When Mariana Ribeiro arrived in Canada from Brazil in July 2021, she felt like she had no time to waste. Having twice postponed her start date in OsgoodePD’s Professional LLM in Canadian Common Law program – including for the birth of her second child – there was no chance of Ribeiro accepting a third delay, even if that meant enduring a 14-day quarantine with her young family that would take her right up to the first week of classes.  

“It was a hard way to arrive, but we had to do it,” she says.

A year later, as her Osgoode graduation approached, Ribeiro kept herself on the fast-track to the Ontario bar when she landed an interview for an articling position at renowned Toronto civil litigation boutique Groia and Company, using the opportunity to make the firm a proposition.  

“The interview was supposed to be for the following year – the 2023-2024 cycle – but I told them that I was available to start immediately because I was an international student,” Ribero explains. “It worked: two days later they called me and said the position was mine.”

But all the dynamism has paid off: while learning the ropes at her new firm, Ribeiro also managed to pass both the law society’s barrister and solicitor licensing examinations, allowing her to complete her re-qualification within two years of her arrival in Canada.  

“I finished my articling period on June 26, and I was called to the bar the next day, on June 27,” Ribeiro says. “It was intense, but it was great to be finished. I needed to become a lawyer.”

And there are no signs of her slowing down any time soon. After she was hired back as an associate, Ribeiro leapt into her corporate, commercial and securities litigation practice, gaining trial experience and assisting clients with a broad range of issues, including shareholder disputes and class actions. She has since relocated to Waterloo, to continue her practice at Sorbara Law. 

According to Ribeiro, her earlier experience in Brazil, where she had established herself in practice over 16 years as a civil litigator at several Sao Paulo law firms, helped her hit the ground running after re-qualifying in Ontario.

“Of course the procedure is a little different and you are working with different legislation and caselaw, but many of the principles are the same,” she says. “The aim is to find a solution that works for the client.”

Although she grew up without any legal connections in the family, Ribeiro says she still felt a strong affinity with the profession from an early age.

“I loved writing and I loved argument, so I thought it would be a good career,” she says.

Following her 2005 call to the bar in Brazil, Ribeiro served local and international clients, working her way up to become the manager of her firm’s litigation department. However, she and her husband saw their long-term future elsewhere, hoping to find a safer and more secure environment where they could raise their family.

They had both had their sights fixed on Canada since a pre-children study trip to Vancouver.

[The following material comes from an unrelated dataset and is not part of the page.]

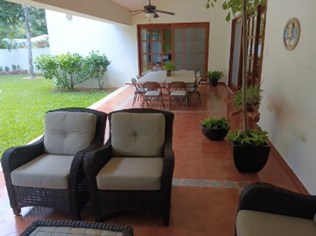 Hermosa y amplia residencia, dentro del exclusivo complejo Residencial del Club de Golf La Ceiba, vigilancia las 24 horas de los 365 días del año. Perfecta ubicación, ya que se encuentra frente al parque para que sus hijos jueguen y convivan de forma segura.

“I did a course in dispute resolution, but the main focus was to experience living in a different country and be immersed in English,” Ribeiro says. “We thought maybe one day we could come back to Canada and ten years later, here we are.”

Although Ribeiro received offers to study at more than one university, Osgoode’s Canadian Common Law LLM stood out – and not just because of the flexibility of its schedule or the way its core courses are specifically designed to meet the requirements of the Federation of Law Societies of Canada’s National Committee on Accreditation.

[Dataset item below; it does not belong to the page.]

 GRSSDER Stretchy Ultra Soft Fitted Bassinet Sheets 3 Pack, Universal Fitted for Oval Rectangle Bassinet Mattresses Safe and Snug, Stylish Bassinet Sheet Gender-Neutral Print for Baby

“I also talked to some Brazilians who were here at the time, and they had great things to say about the staff and professors at Osgoode,” says Ribeiro, who can now confirm their praise based on her own experience.

“There is so much support available for students – not just for classes, assignments and examinations, but also for articling, the legal market and the challenges of adapting to a new country. My advice to new students is to be open-minded and take advantage of the entire support structure that the program offers” she adds.